M&Aのアドバイザリー契約の内容や手順・注意点を徹底解説

M&Aをする場合には、アドバイザーに依頼する企業も多いです。アドバイザーに依頼することで、M&Aに対してさまざまな業務をしてもらえます。
依頼を行う際は、企業とアドバイザーの間で、アドバイザリー契約をする必要があります。ここではM&Aのアドバイザリー契約の内容や手順・注意点などを徹底解説します。

■M&Aのアドバイザリー契約とは

アドバイザリー契約の内容や手順・注意点を見ていく前に、はじめにM&Aのアドバイザリー契約とはどのようなものかを見ていきましょう。

 

M&Aのアドバイザリー契約とは、経営者とM&Aのアドバイザーなどとの間でM&Aで行う業務の内容などについて契約することです。
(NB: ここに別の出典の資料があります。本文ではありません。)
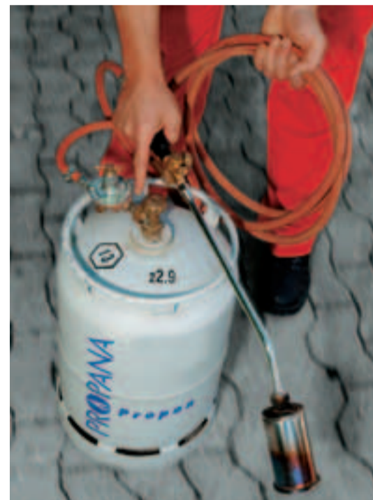
Sind Schläuche und Ventil dicht?
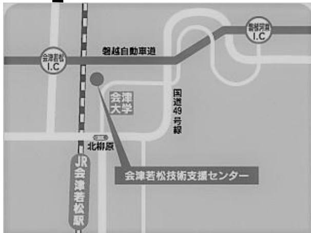
【会津若松技術支援センター】
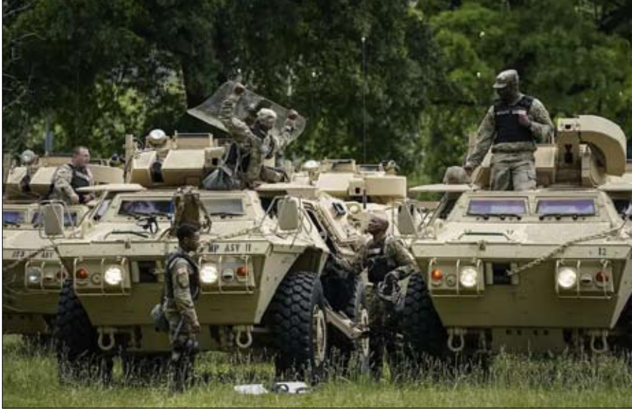
المطالبة بتدخل الجيش

ليس من قبيل الصدفة أن يعبر مسؤولو وكالة الاستخبارات المركزية، الحاليين والسابقين، عن قلقهم من الانحراف السلطوي للرئيس. وبعد حادثة كنيسة القديس يوحنا، تحدى مارك بوليمبولوس، وكيل وكالة المخابرات المركزية السابق في أوروبا وآسيا، "إنه يذكرني بما كنت أتلفت عنه لسنوات في العالم الثالث، قال صحفية واشنطن بوست حيث مارس كثير من الزعماء ذلك.. لم يخف ترامب أبدًا إعجابيه بالديكتاتوريين، وبالرجال الأقوياء؛ بوتين، دوتيرتي وآخرون، وبالتالي، بزعم كوربا الشمالية، الذي تربطه به حالة عشق، هل جاء دوره أخيرًا لإظهار قدراته وإخراج المدفعية الثقيلة من هرمون التستوستيرون؟ يبدو أن دعوته المتكررة لإدخال الجيش في اللعبة، وحضه على "الحزم والشدّة"، تشير إلى ذلك. عندما يبدأ النهب، يبدأ إطلاق النار، حذر مستعيرا مفردات رئيس شرطة عنصرية ومظاهرات في حقبة النضال من أجل حقوق مدنية متساوية، أتت إلى تصاعد العنف (نفي ترامب أن يكون استلهم موقولته منه، وتميل إلى تصديقه، لأن التاريخ ليس من نقاط قوته).
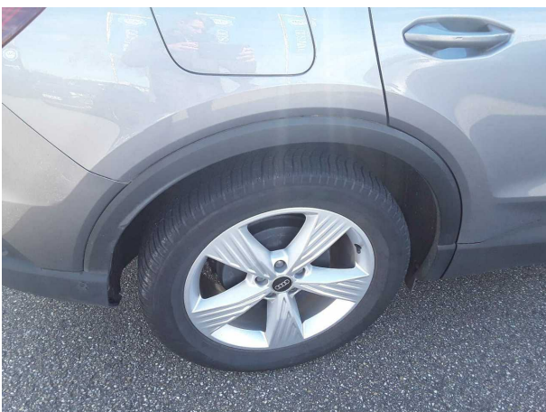
Beschädigung #2: Seitenwand rechts: Radhausverbreiterung - verkratzt / verschürft - erneuern
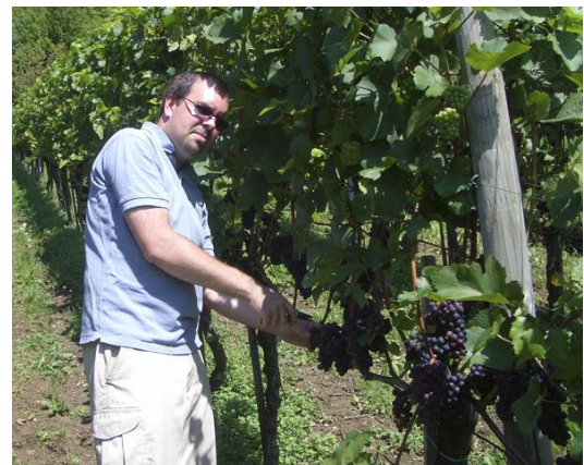
Die Arbeit im Weinberg

Es hängt dann vom Deal ab, wie viel ich im Rebberg selber mache. Beim 2008er Sauvignon blanc habe ich zum Beispiel die Ertragsregulierung und das sehr sanfte Entblättern in der Traubenzone selbständig gemacht. Ich bin aber sicherlich alle zwei Wochen im Rebberg, um mir den Stand der Reben und der Arbeit anzuschauen. Vertrauen ist gut, Kontrolle ist besser. Bisher hatte ich immer ein glückliches Händchen mit den Verkäufern, sprich wurde immer die geforderte Qualität erreicht. Sollte das in einem Jahr nicht der Fall sein, kaufe ich auch die Trauben nicht.
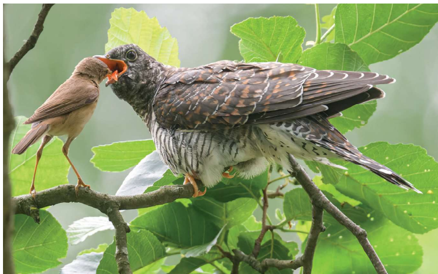
Koekoeksjong dat gevoerd wordt door een Kleine Karekiet
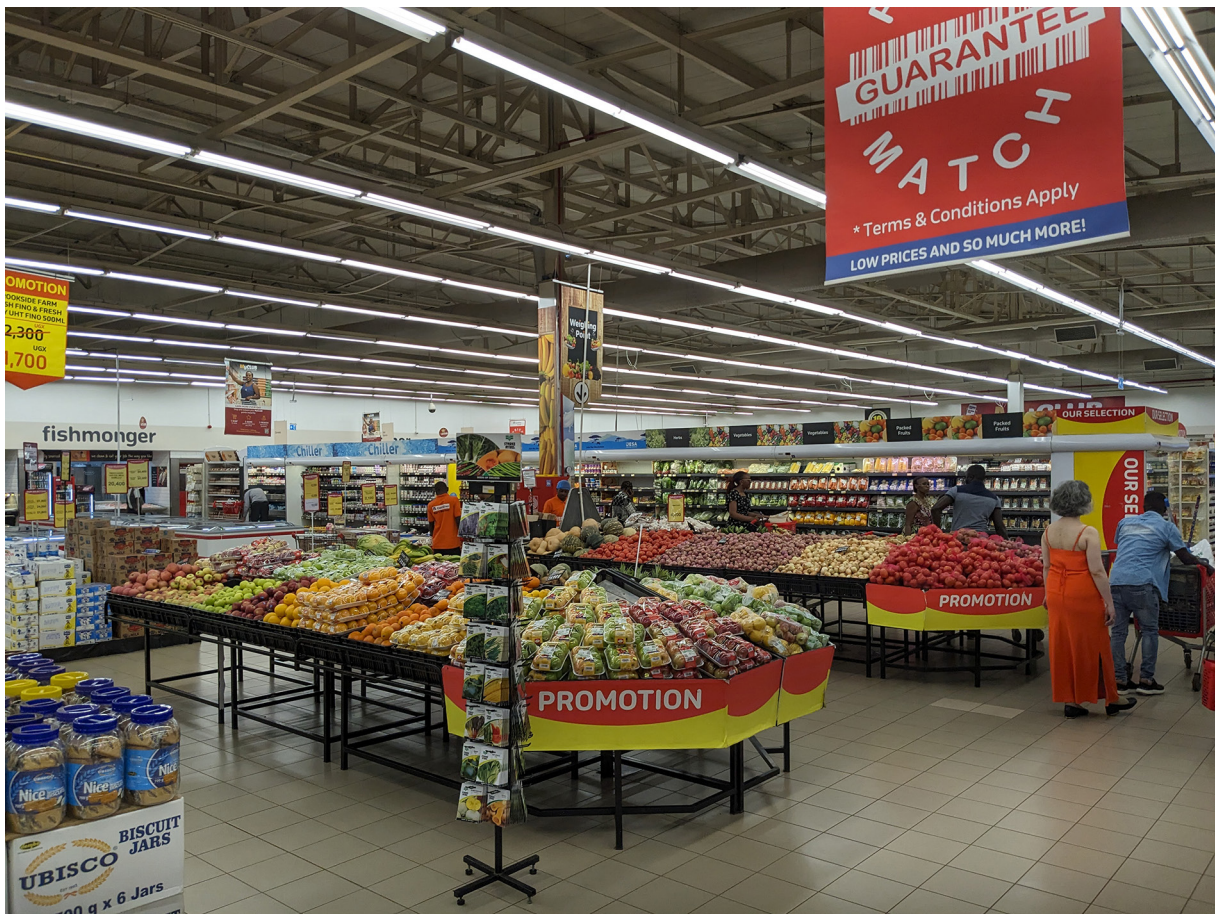
Figure 3. Rayon fruits et légumes, Carrefour Lugogo, Kampala (Rcaud, 2023)

M&Aのアドバイザーとは、M&Aの成功のために働く専門家で、M&Aの手続き全般についてをサポートします。

 

M&Aのアドバイザリー契約と似ているものに、コンサルティング契約や仲介契約があります。M&Aのアドバイザリー契約とコンサルティング契約との違いは、M&Aのアドバイザリー契約がM&Aを成約するための業務を全般的にサポートする契約であるのに対し、M&Aのコンサルティング契約は、M&Aに関する特定の課題に対し、専門知識を生かして解決に導くことを目的とする契約です。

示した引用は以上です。